O Último Adeus a Rita Lee

O dia amanheceu mais cinza do que o comum na capital de São Paulo. A chuva que caiu no Parque do Ibirapuera deixou o local sem cor. O clima parecia ter sido cuidadosamente planejado para receber o velório de Rita Lee, que sempre deu muita atenção para o visual, como cenário e figurino, de suas apresentações. 

Ter o Ibirapuera como palco de sua última aparição neste plano é repleto de simbolismo. Ela conta em sua biografia como já adorava piqueniques no lugar quando ainda era a Floresta do Ibirapuera e que esteve presente na inauguração do parque, durante as comemorações de 400 anos da cidade. É difícil imaginar um lugar mais apropriado do que o cartão postal para alguém cuja ligação à cidade foi tão marcante e que – não à toa – a rendeu o apelido de Santa Rita de Sampa. 

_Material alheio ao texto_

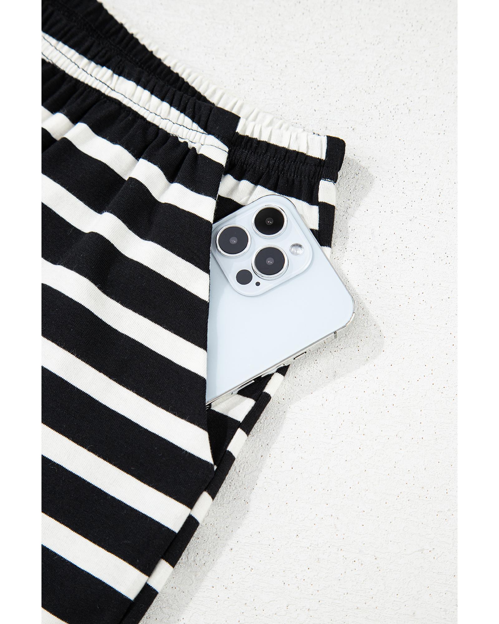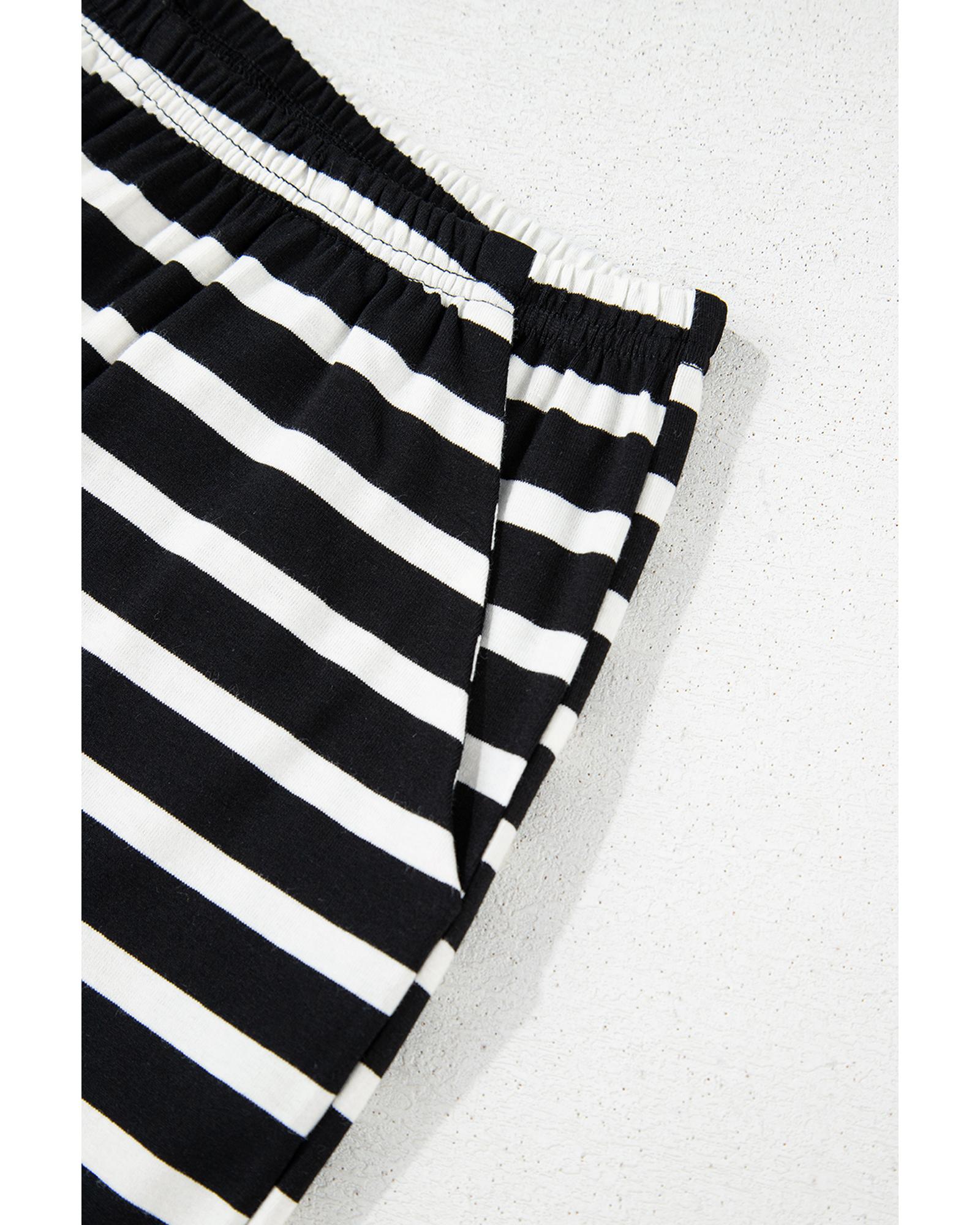 Black White Striped Short Sleeve Top and Shorts Set - S
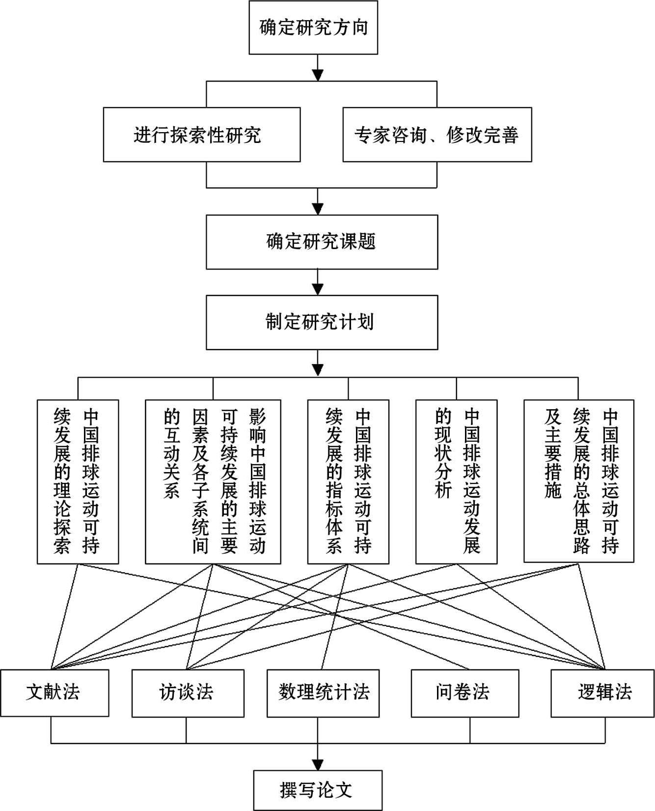 从总体来看,本研究是在相对比较宏观的层面上对中国排球运动可持续发展的理论问题进行探讨和分析,在研究的实施过程中主要采用了文献研究与调查研究相结合的研究方式。其中,对“中国排球运动可持续发展的理论探索”的研究主要以文献研究为主,对“影响中国排球运动可持续发展的主要因素及各子系统间的互动关系”、“中国排球运动可持续发展的指标体系”和“中国排球运动可持续发展的总体思路及措施”的研究则采用了文献研究与调查研究相结合的方式。另外,由于本文的研究对象“中国排球运动”是一个具有一定逻辑层次和结构的复杂系统,而且其本身又处于“社会”这个更大的系统之中,为了更好地认识和把握这些关系复杂的系统,本研究在实施过程中始终坚持了“整体→部分→整体”、“综合→分解→综合”的系统理论的研究和分析方式。

O prédio escolhido para acomodar o caixão foi o Planetário, que tem sua arquitetura redonda e de longe lembra um disco voador. Mais uma ironia bem humorada condizente com a personalidade que tanto brincou ao longo da vida sobre nave mãe e extraterrestres. No teto redondo do prédio eram projetados pequenos pontinhos brancos que representavam a mesma localização das estrelas no dia 31 de dezembro de 1947, data em que Rita veio ao mundo. 

Quem foi ao velório viu fãs de todas as idades. Uns carregavam discos, outros livros. Teve gente levando cartaz e até quem carregasse violão. Não era raro ver gente aguardando na fila de entrada com olhar distante e aguardando na fila de saída com lágrimas escorrendo no rosto. Dentro do prédio, um caixão marrom fechado com flores em cima. Abaixo, flores, uma bandeira do Corinthians (seu clube do coração), cartazes e outros presentes de despedida que foram sendo colocados pelos fãs.

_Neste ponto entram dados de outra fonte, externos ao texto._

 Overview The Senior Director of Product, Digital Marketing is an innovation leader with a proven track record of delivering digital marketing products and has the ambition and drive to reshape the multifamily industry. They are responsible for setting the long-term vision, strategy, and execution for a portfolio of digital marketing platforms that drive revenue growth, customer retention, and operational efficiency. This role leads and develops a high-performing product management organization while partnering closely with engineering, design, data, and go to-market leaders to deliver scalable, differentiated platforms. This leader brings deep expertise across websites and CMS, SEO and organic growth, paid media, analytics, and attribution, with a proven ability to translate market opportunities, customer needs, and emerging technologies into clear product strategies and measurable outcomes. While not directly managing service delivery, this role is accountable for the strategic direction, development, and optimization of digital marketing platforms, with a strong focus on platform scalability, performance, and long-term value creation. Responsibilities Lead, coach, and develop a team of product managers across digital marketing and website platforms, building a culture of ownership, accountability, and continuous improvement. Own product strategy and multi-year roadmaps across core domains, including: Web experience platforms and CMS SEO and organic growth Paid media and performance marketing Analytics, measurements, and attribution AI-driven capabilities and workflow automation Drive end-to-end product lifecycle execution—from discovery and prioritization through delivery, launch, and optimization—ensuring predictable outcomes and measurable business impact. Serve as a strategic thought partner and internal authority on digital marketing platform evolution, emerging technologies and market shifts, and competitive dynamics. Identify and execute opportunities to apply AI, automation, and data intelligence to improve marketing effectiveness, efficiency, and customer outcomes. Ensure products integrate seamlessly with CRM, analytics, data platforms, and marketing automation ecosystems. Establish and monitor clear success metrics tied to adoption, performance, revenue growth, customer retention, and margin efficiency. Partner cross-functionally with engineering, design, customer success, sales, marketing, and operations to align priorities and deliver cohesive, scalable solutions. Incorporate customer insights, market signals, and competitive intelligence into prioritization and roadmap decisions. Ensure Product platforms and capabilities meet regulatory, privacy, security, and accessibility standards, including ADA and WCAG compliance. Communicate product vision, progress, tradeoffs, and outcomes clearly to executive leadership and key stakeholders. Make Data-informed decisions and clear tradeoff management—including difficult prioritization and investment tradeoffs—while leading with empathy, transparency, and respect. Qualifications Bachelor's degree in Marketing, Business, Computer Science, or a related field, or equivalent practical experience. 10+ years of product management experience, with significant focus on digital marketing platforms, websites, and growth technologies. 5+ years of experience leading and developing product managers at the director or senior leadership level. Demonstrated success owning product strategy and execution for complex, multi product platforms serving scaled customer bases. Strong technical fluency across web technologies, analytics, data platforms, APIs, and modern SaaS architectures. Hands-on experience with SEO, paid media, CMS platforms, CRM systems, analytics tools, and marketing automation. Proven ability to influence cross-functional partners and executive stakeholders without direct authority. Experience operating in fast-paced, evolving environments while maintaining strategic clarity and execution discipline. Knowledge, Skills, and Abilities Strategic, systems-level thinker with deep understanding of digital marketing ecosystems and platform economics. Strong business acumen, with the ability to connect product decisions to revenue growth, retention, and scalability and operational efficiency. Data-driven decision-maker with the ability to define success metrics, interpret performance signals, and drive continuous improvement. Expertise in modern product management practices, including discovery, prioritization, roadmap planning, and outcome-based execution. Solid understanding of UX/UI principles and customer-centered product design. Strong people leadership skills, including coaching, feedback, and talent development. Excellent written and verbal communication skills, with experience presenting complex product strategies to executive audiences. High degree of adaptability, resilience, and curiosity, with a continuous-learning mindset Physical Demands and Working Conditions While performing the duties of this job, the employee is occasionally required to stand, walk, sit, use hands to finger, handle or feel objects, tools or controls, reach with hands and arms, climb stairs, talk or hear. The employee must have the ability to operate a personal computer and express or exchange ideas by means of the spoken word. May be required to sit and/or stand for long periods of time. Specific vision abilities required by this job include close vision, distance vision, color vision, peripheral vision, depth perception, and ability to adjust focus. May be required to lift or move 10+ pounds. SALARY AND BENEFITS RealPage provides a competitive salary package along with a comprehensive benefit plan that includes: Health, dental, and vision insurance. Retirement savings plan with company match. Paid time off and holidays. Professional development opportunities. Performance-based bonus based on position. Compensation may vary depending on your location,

Disputando espaço com os numerosos repórteres da imprensa que cobriam o evento, estavam também numerosas coroas de flores. Teve coroa de celebridades, de artistas – como a de Jorge Ben, seu amigo de longa data-, de fã clubes e outras anônimas. Uma delas, por exemplo, dizia “um obrigado de uma das tantas pessoas que você fez feliz”. 

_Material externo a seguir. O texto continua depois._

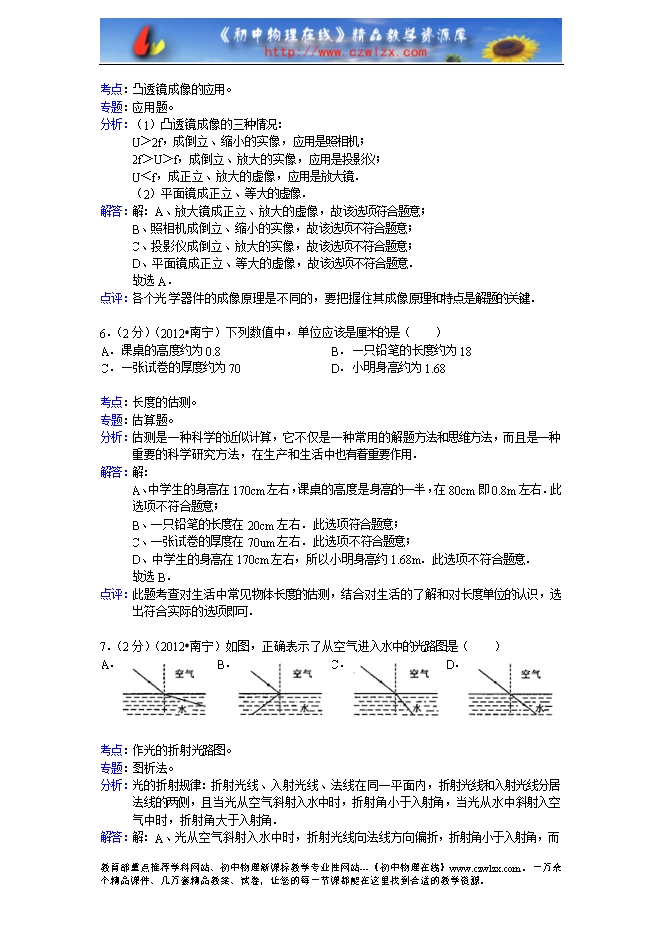 点评: 本题考查的简单的光学现象,比较基础,一般情况下记住相关的例子即可.
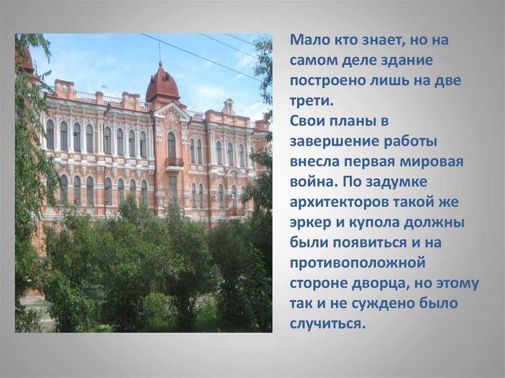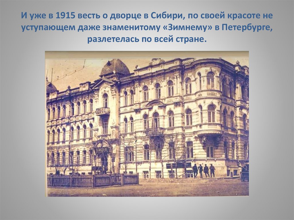 И уже в 1915 весть о дворце в Сибири, по своей красоте неуступающем даже знаменитому «Зимнему» в Петербурге,
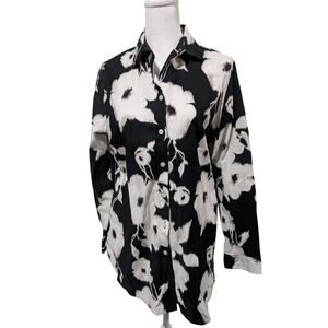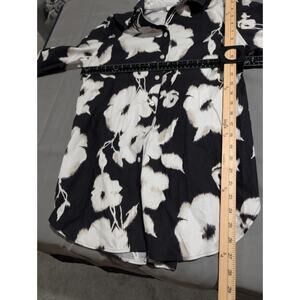 This Chico's No Iron Stretch Fairycore Floral Cotton Tunic in size XS is a versatile and stylish addition to any wardrobe. The long sleeves, collared neckline, and button closure make it suitable for various occasions, from casual outings to workwear or even business meetings. The black floral pattern adds a touch of bohemian flair, while the cotton fabric ensures comfort and breathability. With its classic fit and stretch feature, this tunic is perfect for year-round wear, making it a must-have piece for any woman looking for a chic and easy-to-care-for top.

Foi assim o último encontro de Rita Lee com os fãs. Uma quarta-feira cinzenta e chuvosa. Diferente do que aconteceu ao longo de toda sua carreira, desta vez quem se destacou foi o silêncio. Essa ausência de som, no entanto, é passageira. Seu corpo pode estar indo embora, mas sua voz já é um patrimônio imaterial da música brasileira e continuará ecoando por gerações.